今日の最初の写真は昨日の最後の写真の右手にあった鉄道模型のジオラマで、写真は左端がもう少々奧まで続く。筆者が鑑賞した位置からは1枚の写真ではその全景が収められなかった。横幅15メートルはあった。奥行もあるので、写真右端では客席がL字型になっていた。入れ替え制で20分ほどのショーが見られたが、満席で、100名はいたと思う。夜明けから深夜までを照明の加減で演出し、若い女性係員が都市鉄道の1日をアナウンスした。毎回同じ内容を話すので暗記しているだろう。JRの列車模型だけかと思っていると、南海のラピートが走り、京阪や阪急の車両もあった。その点は関西の鉄道事情を反映し、私鉄に勤務する人が見ても失望しないように考えられている。鉄道模型は何とかゲージと言って、サイズが決まっていて、また夜の場面では車両内部が光った。収集マニアがたくさんいるが、このジオラマは彼らの助言もあったのだろう。この博物館に勤務する若い女性たちはマントつきの制服を着用し、館内のあちこちにいた。あまりに広い館内のどこにいるのか大人でもわかりにくいから、気軽に声を掛け合える雰囲気の女性が必要とされる。帰り際にそのひとりの出口を訊ねたところ、笑顔でていねいに教えてくれた。今日の2,3枚目の写真のように、建物の1階はかつて走った車両の実物が展示されていて、またプラットフォームがないため、かなり大きく見え、不注意によって怪我をする人もあるだろう。そのため、係員の女性は筆者が気づいたところ、前述の模型ジオラマのコーナーを除けば全員が1階にいた。筆者らはすべての展示車両の内部に入っていないが、今日の3枚目の写真の下に写る60年代半ばに開通した最初の東海道新幹線の客室に入ると、昔感じた思いが蘇った。実物の力だ。これは移築された二条駅舎についても言える。写真では駄目で、実物に取り囲まれる経験は圧倒的なもので、長年それを忘れない。それを鉄道マニアたちはよく知っているだろう。それでこうした施設を訪れ、また走っている車体を撮影する。とはいえ、展示されている車両はごく一部で、その中に入ると、内部が古びているせいもあって、夢の中にいる気分になった。それもあまりいい夢ではない。この感覚は昔明治村を訪れた時にも強かった。移築、移設されていても、それは全体の一部で、またかつてとは全然違う環境の場所に据えられている。そのための違和感だ。これは精巧に出来た人間ロボットのようなもので、たとえば蝋人形館を訪れても同じように感じるのではないか。そう思えば、現在活動中のものの輝かしさは何物にも代え難い。博物館に入ることはその物にとっては特別に光栄なことだが、実際に使用され、役立っていることが何よりだ。そういうことを感じてまた現実の生活が以前とは違ってまっさらに見えて来るのであれば、この博物館の役割は大いにあると言える。

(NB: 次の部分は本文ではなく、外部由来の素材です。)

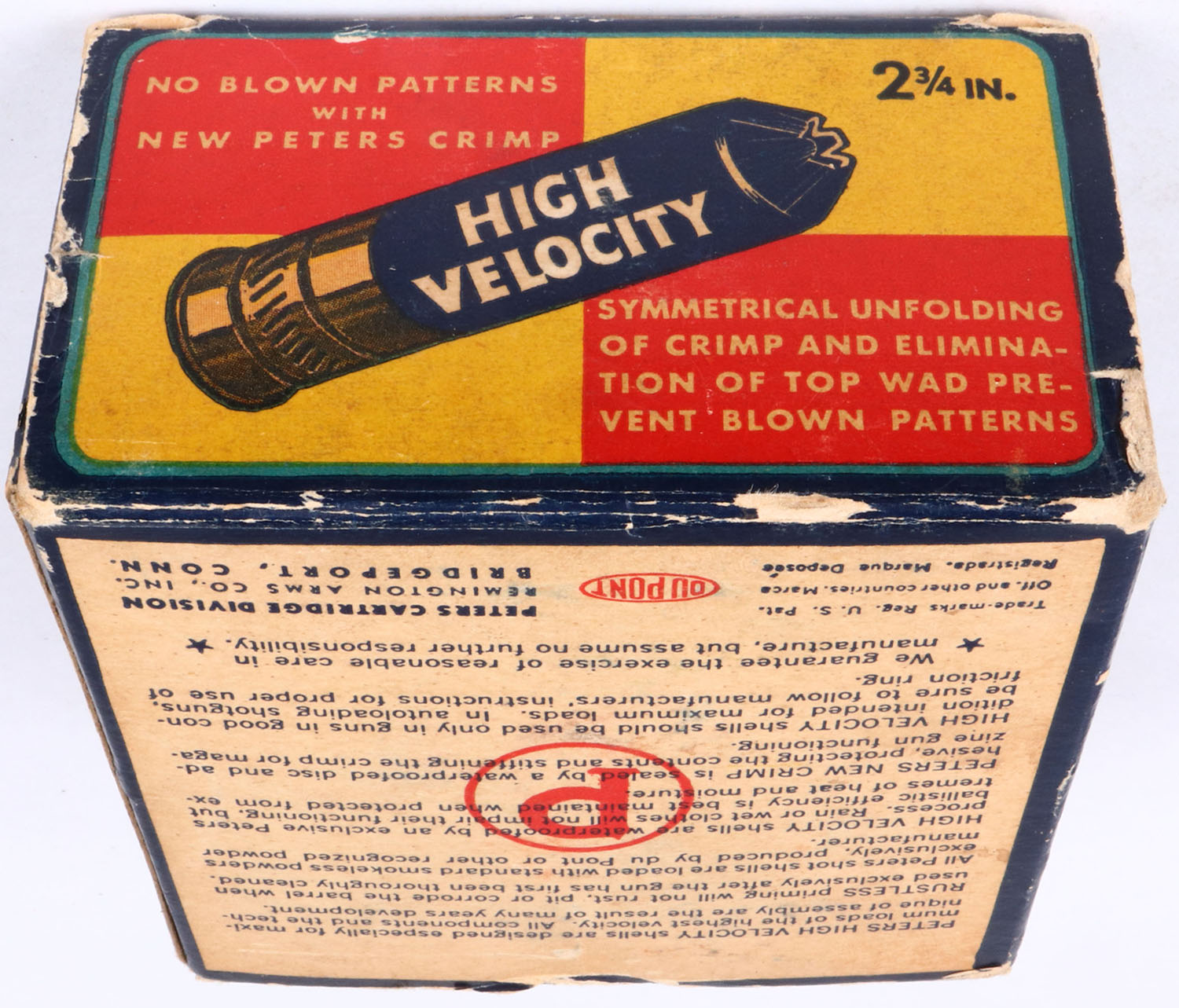 Peters Cart. Co., High Velocity, New Peters Crimp, 12ga., 1pc., Partial 15rds, shot size 6, multi colored box that pictures mallard flying out of the marsh grass, paper shells, box is solid with edge wear & light soiling, shells are excellent. Grade: Excellent - Value: 10 to 60
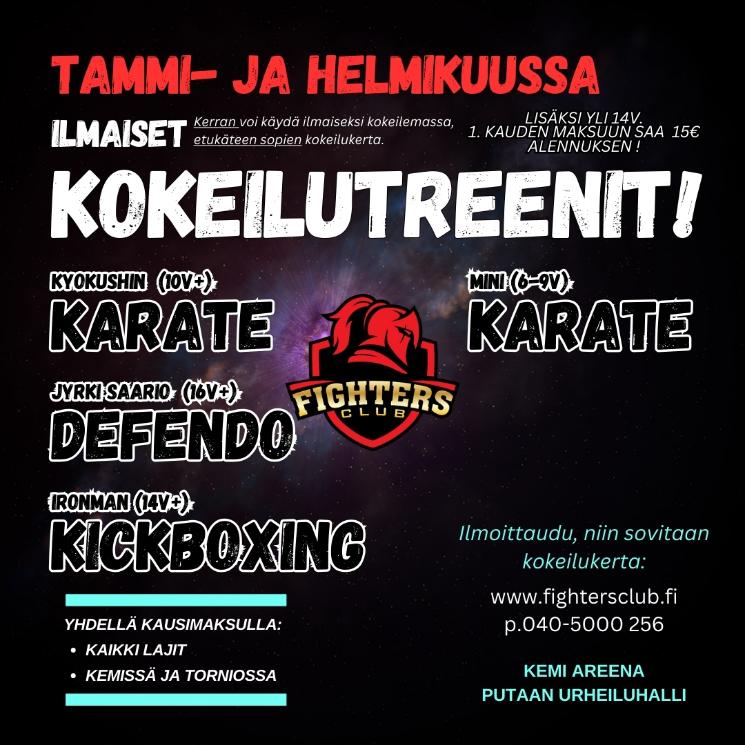 Kaikiin ryhmiin mahtuu vielä (1.2.2026) mukaan ! Myös äsken aloitettuun Minikarateen voi hyvin tulla mukaan ainakin helmikuun ajan.

「その1」で書いた操車場の機関車回転台は、前述の鉄道模型のジオラマやまたそれに似た回転寿司とは全然違うもので、思考になぞらえたくなる。たたとえばこのブログを書く時、個別の思いが別々に格納されていて、それらを順次持ち出して吟味し、少し変えて書いたり、意識の元の場所に戻して使わなかったりをしきりに繰り返す。言い換えれば、即興でこれを書いているが、書きながら湧いて来る思いを文字にするかどうかを絶えず考え、また一度文字にしてもそれを消したり書き換えたり、また順序を変えたりして文章を整える。頭の中に回転台があるということだ。これはレコードのターンテーブルのような単なる回転ではない。周囲にいくつもの考えを保管している場所を備え、それらから考えを取り出し、回転台の中央で検査ないし加工して文脈へと送り込む。この作業は最初は使おうと思っていた考えを使わないことがままあり、そのまま忘れることもあれば、いずれ別の文章で使う場合もあるが、頭の中では多くの蒸気機関車としての思いが常に回転台中央に向かって移動させられることを待っている。なぜこんなことを書くかと言えば、単なる鉄道博物館の感想を超えて、かつて小さな息子を連れて訪れたことや、二条駅の駅舎の移築など、筆者の遠い思い出と今回の訪問が意識の中でつながっているからで、それはまた筆者の人生でもあるからだ。そこから鉄道とは、「暗夜行路」ではなく、人生行路の暗喩であることを思いもするが、私的なことを最後にひとつ書いておくと、筆者が京都に出て来て3年ほど経った頃、二条駅近くの呉服問屋の本社にたまに行くことがあった。社長は娘が住むアメリカに移住したと聞いたが、もうかなり高齢で生きているかどうかわからないが、ごくたまに筆者の頭の中の思考回転台の上に出て来る。そしてそのまま元の場所に戻す。それはさておき、本社のすぐ斜め向かい前にあった二条駅は、今日の4枚目の写真の姿と同じだが、今は斬新なデザインの駅に変わった。古い建物はいずれ吟味のための回転台上に移され、そして取り壊し処分の意見が下されるが、幸いにして別の場所で再利用されることもある。それはかつての華やかな利用状況を知る者からすれば抜け殻のようなものだが、それはそれで新たな人生だ。人間そのものもいくつかの時代があり、それぞれの時代で吟味回転台に上って行く先が決められる。それが輝かしい場所であればいいが、老化に向かうとだいたいは暗がりの線路を進む。そしてその線路が途切れる終着駅では、「その1」に載せた写真のように線路末端に花を飾った小さな木箱が置かれている。線路はどこまでも続くという歌があるが、実際はそうでないことを誰もが知っている。それで時間を有効に使おうと、新幹線が開通し、リニア新幹線がやがて走る。「禅僧の電車で差取る時間かな」。とはいえ、悟りは他者との差を取るために目指すものではない。